When you or I can’t pay our bills, our telephone service gets cut off or “they” repossess the car, truck, fishing boat, or whatever. When a country can’t pay its bills, the consequences get even more dire. As Henry C. Adams noted as recently as 1898, or 21 BK (Before Keynes, who thought being permanently in debt was a Good Thing),
The tendency of foreign borrowing is in the same direction as that of domestic borrowing. As the latter obstructs the efficiency of constitutional methods, so the former tends to destroy the full autonomy of weak states. The granting of foreign credit is a first step toward the establishment of an aggressive foreign policy, and, under certain conditions, leads inevitably to conquest and occupation. . . . The facts disclosed permit one to understand how deficit financiering, carried so far as to result in an interchange of capital and credit between peoples of varying grades of political advancement, must endanger the autonomy of weaker states unable to meet their debt-payments. Provided only that the interests involved are of sufficient importance to make diplomatic interference worth the while, the claims allowed by international law will certainly be urged against the delinquent states, and the citizens of such states may regard themselves fortunate if they succeed in maintaining their political integrity. (Henry C. Adams, Public Debts, An Essay in the Science of Finance. New York: D. Appleton and Company, 1898, 25, 28-29.)
And that’s in peacetime, which can lead to one country to take over another in a “hostile takeover” or even a war if the stakes are high enough. It’s even worse when a country at war can’t pay its bills . . . and worst of all when some politician thinks he (or she) is being clever or “smart” and won’t pay the bills or cheats people out of their due. That happened in 241 BC when the Carthaginian Senate thought they would get cute and save a bit of money by not paying their mercenary army who had saved their collective behinds from the upstart Roman Republic that was starting to cut into profits.
The Carthaginians were primarily merchants, not soldiers. Carthage was a Phoenician colony — the Philistines of the Bible. The city may have been established as a refuge by a group of Punici (as the Romans called them) when they were run out of the near East. Some scholars think this was due to their enthusiasm for sacrificing their children to Moloch (to gain favor and increase profits) after human sacrifice began falling into disfavor in their homeland. This was probably due to the Jews, those intruders who insisted on forcing their morality on others and (gasp) worshiped only one God.
Salammbô |
Anyway, the Carthaginian Senate outsmarted themselves by not paying their hired guns . . . er, swords, resulting in the Mercenary Revolt that took place from 241 to 237 BC. The Revolt ended with the mercenaries (who fought better than the Carthaginians for some reason) only being defeated after a long and bloody fight and cost a lot more than paying the mercenaries their due in the first place would have. Readers of now-obscure historical novels and films will be familiar with the story from Salammbô (1862), a bestseller by Gustave Flaubert, who used Book I of Polybius’s Roman History as his primary source.

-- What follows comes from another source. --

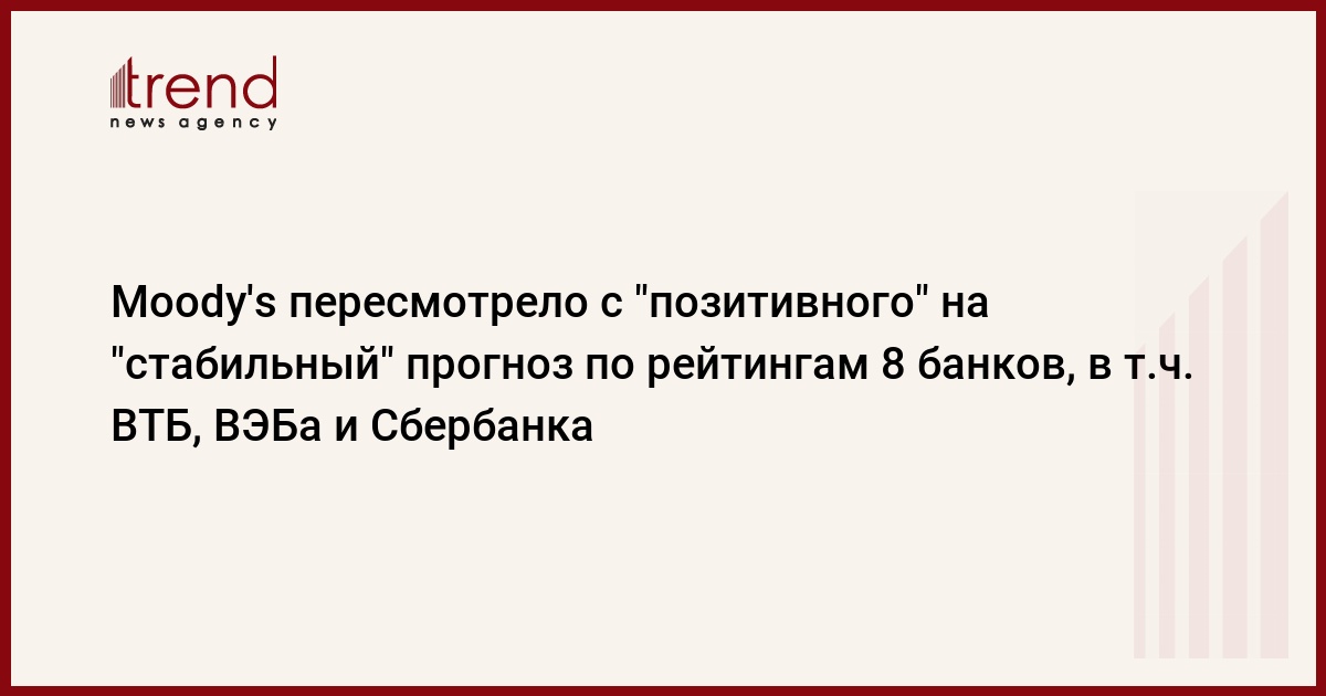 Международное рейтинговое агентство Moody's Investors Service пересмотрело прогноз по рейтингам 8 российских банков с государственным участием с "позитивного" на "стабильный", говорится в распространенном сегодня сообщении агентства, пишет РБК. Прогноз был пересмотрен по рейтингам Сбербанка, банка ВТБ, банка "ВТБ Северо-Запад", ВТБ-24, Банка Москвы, Россельхозбанка, Газпромбанка и Внешэкономбанка (ВЭБ).
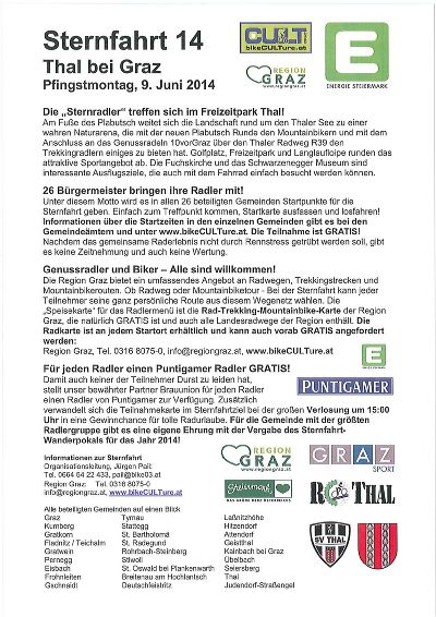 Die Urlaubsregion Graz veranstaltet die Sternfahrt 14 mit dem Ziel in Thal (Freizeitpark Thal), an der sich 26 Gemeinden mit ihren Radfahrern beteiligen. Alle Teilnehmer bekommen am Start eine Teilnehmerkarte (gleichzeitig Los für die Verlosung um 15.00 Uhr bzw. Gutschein für den Puntigamer Radler) und einen Gutschein des Bürgermeisters für eine Konsumation am Sternfahrtziel. Wir fahren vom Gemeindeamt über Rohrbach, St. Oswald, Schirninggraben, Gratwein, Judendorf und Gösting nach Thal. Wer es einfacher haben möchte, kann auch direkt über Oberberg, Steinberg und Thaleben fahren. Um eine ungefähre Teilnehmerzahl für die Gutscheine eruieren zu können, ersuchen wir um eine Anmeldung bei Hans Dokter oder Manfred Stadler (0664/9605651), die sich über eine zahlreiche Teilnahme sehr freuen würden. Im vorigen Jahr erreichten wir in der Teilnehmerwertung den ausgezeichneten 3. Platz nach Stattegg und St. Bartholomä. Auch Nichtradler sind herzlich willkommen.

So, what has this got to do with Vladimir Putin, the Dictator of the Russian Federation? Recruitment of “native” Russians has dropped precipitously considering the plummeting life expectancy of front-line soldiers engaged in attempting to advance Putin’s conquest of Ukraine for power ’n profit. Convicts haven’t been able to fill the ranks, and Russia has been luring thousands of desperate foreigners into the army as mercenaries.
There is another problem. Recruiting mercenaries is one thing. Treating them like dirt or disposable cannon fodder is quite another. It’s not merely disgraceful, it’s extremely dangerous, as the Mercenary Revolt and Russia’s own experience with the Wagner Group have shown. Do you really want to put weapons in people’s hands, trust them with defending you with their lives . . . and then cheat them? That might not be too bright.
For Putin and those like him, however, it’s a clever way to save money and get rid of undesirables, such as ethnic minorities in Russia, criminals, and dumb foreigners who soon learn that poking “the West” in the eye isn’t as much fun as the recruiters and kidnappers might have made out. It might take a little time, but if and when Russia’s cannon fodder soldiers wake up, Putin’s days — if not his hours, possibly minutes — are numbered.